• **About this exercise**
In this exercise, the entries below include pictures. Repeat exactly the lines from the line with "Deze dagen staan" to the line with "Уютная квартира в", including both, but without the pictures.

• **Records for this task**
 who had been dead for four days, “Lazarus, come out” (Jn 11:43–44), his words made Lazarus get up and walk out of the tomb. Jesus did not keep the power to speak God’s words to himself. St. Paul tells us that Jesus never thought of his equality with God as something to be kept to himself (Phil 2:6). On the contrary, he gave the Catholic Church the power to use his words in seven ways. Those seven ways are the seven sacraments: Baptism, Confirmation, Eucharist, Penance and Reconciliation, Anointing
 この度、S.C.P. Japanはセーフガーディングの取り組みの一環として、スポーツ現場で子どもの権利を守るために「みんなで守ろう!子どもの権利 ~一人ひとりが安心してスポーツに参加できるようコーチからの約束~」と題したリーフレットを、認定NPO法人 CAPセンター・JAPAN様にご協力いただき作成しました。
---
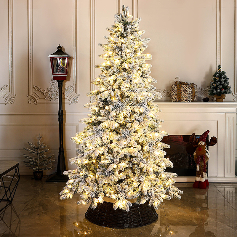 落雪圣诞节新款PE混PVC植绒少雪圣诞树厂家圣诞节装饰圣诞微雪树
---
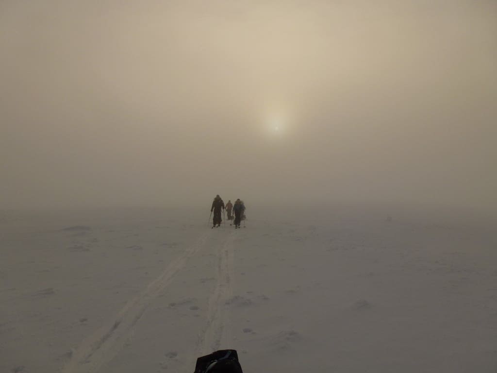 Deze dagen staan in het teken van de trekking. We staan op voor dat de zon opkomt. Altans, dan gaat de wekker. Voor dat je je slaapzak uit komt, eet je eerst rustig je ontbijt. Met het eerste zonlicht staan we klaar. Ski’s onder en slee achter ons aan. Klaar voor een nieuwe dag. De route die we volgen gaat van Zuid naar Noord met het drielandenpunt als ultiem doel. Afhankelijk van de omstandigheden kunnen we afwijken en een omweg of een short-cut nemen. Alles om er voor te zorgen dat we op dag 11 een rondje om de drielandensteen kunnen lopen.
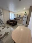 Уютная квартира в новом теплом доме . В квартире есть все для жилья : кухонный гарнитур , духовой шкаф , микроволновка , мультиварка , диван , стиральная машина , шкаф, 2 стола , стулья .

• **Expected answer**
 Deze dagen staan in het teken van de trekking. We staan op voor dat de zon opkomt. Altans, dan gaat de wekker. Voor dat je je slaapzak uit komt, eet je eerst rustig je ontbijt. Met het eerste zonlicht staan we klaar. Ski’s onder en slee achter ons aan. Klaar voor een nieuwe dag. De route die we volgen gaat van Zuid naar Noord met het drielandenpunt als ultiem doel. Afhankelijk van de omstandigheden kunnen we afwijken en een omweg of een short-cut nemen. Alles om er voor te zorgen dat we op dag 11 een rondje om de drielandensteen kunnen lopen.
 Уютная квартира в новом теплом доме . В квартире есть все для жилья : кухонный гарнитур , духовой шкаф , микроволновка , мультиварка , диван , стиральная машина , шкаф, 2 стола , стулья .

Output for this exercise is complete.